Kurztext / Annotation

»Einen interessanteren Tischnachbarn als Bourgeois habe ich kaum jemals gehabt« - so Bertha von Suttner über den französischen Juristen und Politiker Léon Bourgeois (1851-1925), den sie bei den Haager Friedenskonferenzen kennenlernte und der zu den Initiatoren der Gründung des Völkerbunds 1920 gehörte. Der Frieden, so seine Vision, wird ein Baum sein, unter dem sich die Völker erholen können, und Solidarität ist seine Wurzel. Auch 100 Jahre später ist die Idee einer juristisch geregelten Solidarität als Grundlage dauerhaften Friedens theoretisch und politisch überaus relevant. Es ist also an der Zeit, sich wieder mit Bourgeois zu beschäftigen, dessen berühmter Essay zum Thema sowie weitere seiner zentralen Texte nun erstmals in deutscher Sprache vorliegen.



Léon Bourgeois (1851-1925) war einer der wichtigsten Politiker der Dritten Französischen Republik und gilt als einer der geistigen Väter des Völkerbundes. 1920 erhielt er den Friedensnobelpreis.

Textauszug

7Solidarität

Das Wort Solidarität gehört erst seit wenigen Jahren zum politischen Vokabular. Mitte des Jahrhunderts haben Bastiat[1]  und Proudhon[2]  sehr wohl Phänomene von Solidarität wahrgenommen und aufgezeigt, die sich durch alle menschlichen Gemeinschaften »hindurchziehen«. Doch aus all diesen Beobachtungen ist keine ganzheitliche Theorie hervorgegangen;[3]  jedenfalls setzte sich das Wort nicht durch, und bei Littré findet sich 1877, abgesehen von juristischen und physiologischen Verwendungen, nur eine Definition aus der »Umgangssprache«, das heißt ohne Präzision und Tragweite: »Das ist«, heißt es dort bloß, »die wechselseitige Verantwortlichkeit, die zwischen zwei oder mehreren Personen entsteht.«[4] 

Heutzutage taucht das Wort Solidarität in den politischen Reden und Schriften ständig auf.

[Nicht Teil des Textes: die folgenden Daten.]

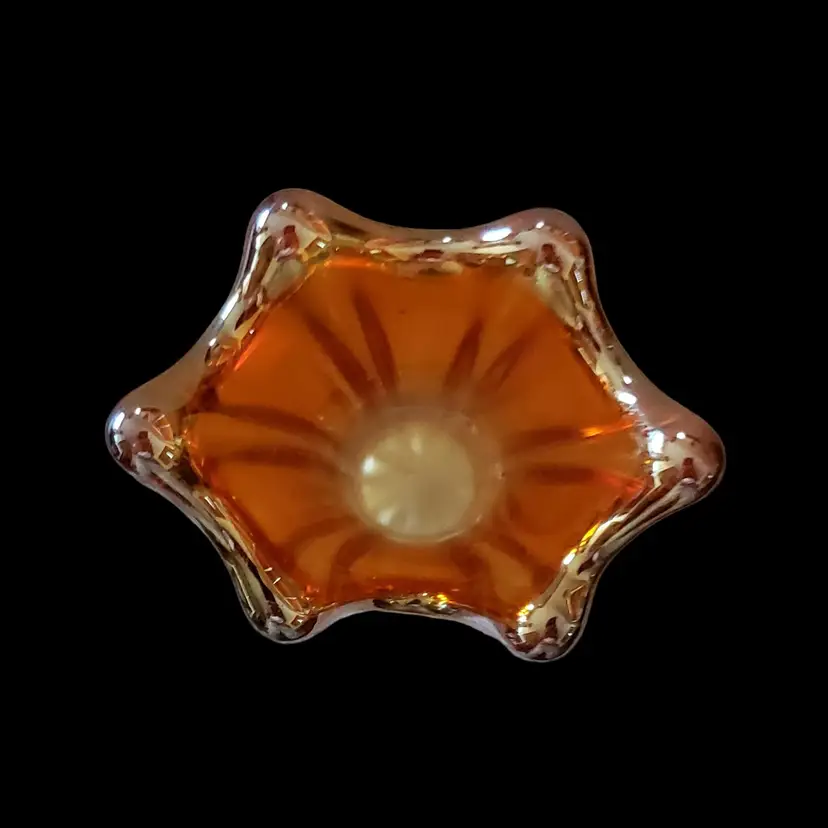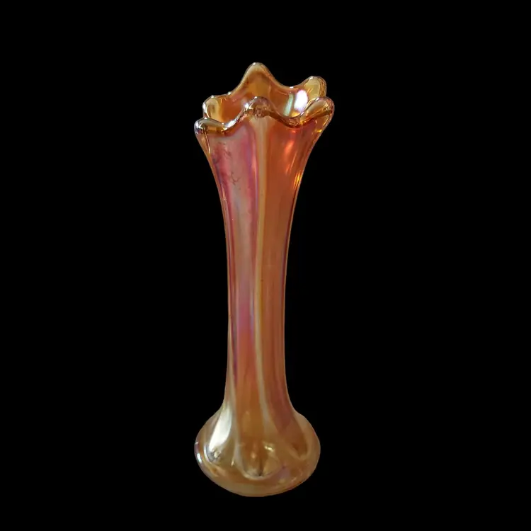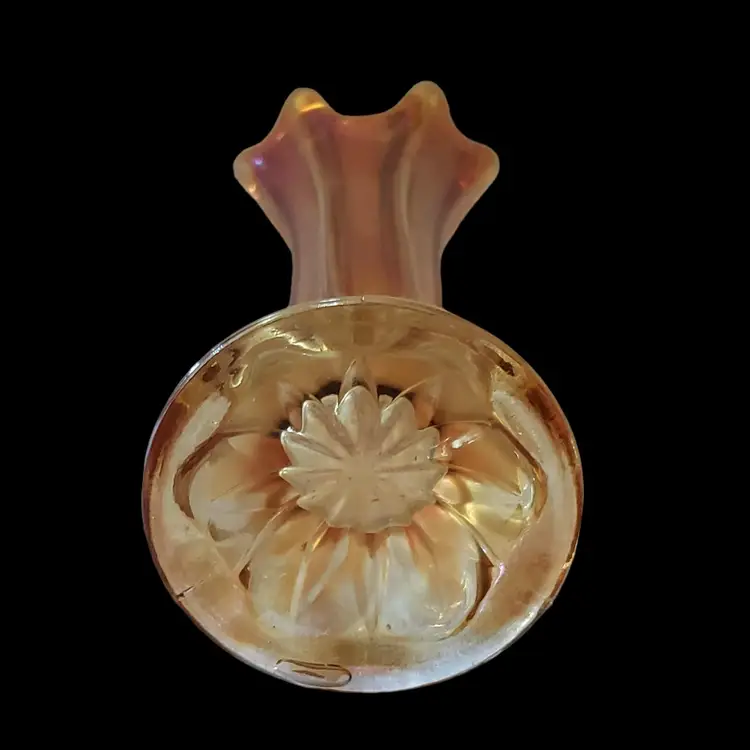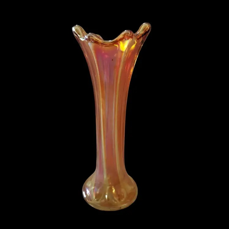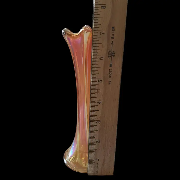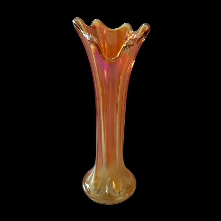 Carnival Glass Vase Marigold Morning Glory Iridescence 7¼" Tall approximately Unbranded Vintage. Used condition with water stains, manufacturer flaws including bubbles and dirt within the glass. Please view all the photos and read the entire item description and please ask any questions prior to purchase when possible.

Zunächst hat man es offenbar für eine einfache Variante des dritten Terminus der republikanischen Losung gehalten: der Brüderlichkeit. Es setzt sich mehr und mehr an dessen Stelle; und der Sinn, den ihm die Schriftsteller, Redner und die öffentliche Meinung beimessen, scheint von Tag zu Tag voller, tiefer und umfangreicher zu werden.

8Handelt es sich hierbei nur um ein neues Wort, um eine Laune der Sprache? Oder drückt dieses Wort nicht tatsächlich eine neue Idee aus, ist es nicht das Indiz für eine Evolution des allgemeinen Denkens?

Erstes Kapitel: Evolution der politischen und sozialen Ideen
I

Der Begriff der Beziehungen zwischen dem Individuum und der Gesellschaft hat sich seit einem Vierteljahrhundert grundlegend gewandelt.

Scheinbar hat sich nichts verändert. Die Debatte zwischen der ökonomischen Wissenschaft und den sozialistischen Schulen vollzieht sich nach wie vor in denselben Termini: Der Individualismus und der Kollektivismus stehen einander in einer Antithese gegenüber, die die politischen Ereignisse so offensichtlich und fassbar machen wie nie zuvor.

Innerhalb und außerhalb Frankreichs geben die Fragen der reinen Politik den sozialen Diskussionen den Vortritt, und die Wahlerfolge der diversen sozialistischen Gruppen in Deutschland, Belgien, Frankreich und anderswo gestatten es, die nahende Stunde zu verkünden, zu der sich die Mehrheiten und die Minderheiten in den Versammlungen ausschließlich ökonomisch bekämpfen und als einzigen Schlachtruf die »liberale« oder »sozialistische« Lösung des Problems der Verteilung des Reichtums wählen.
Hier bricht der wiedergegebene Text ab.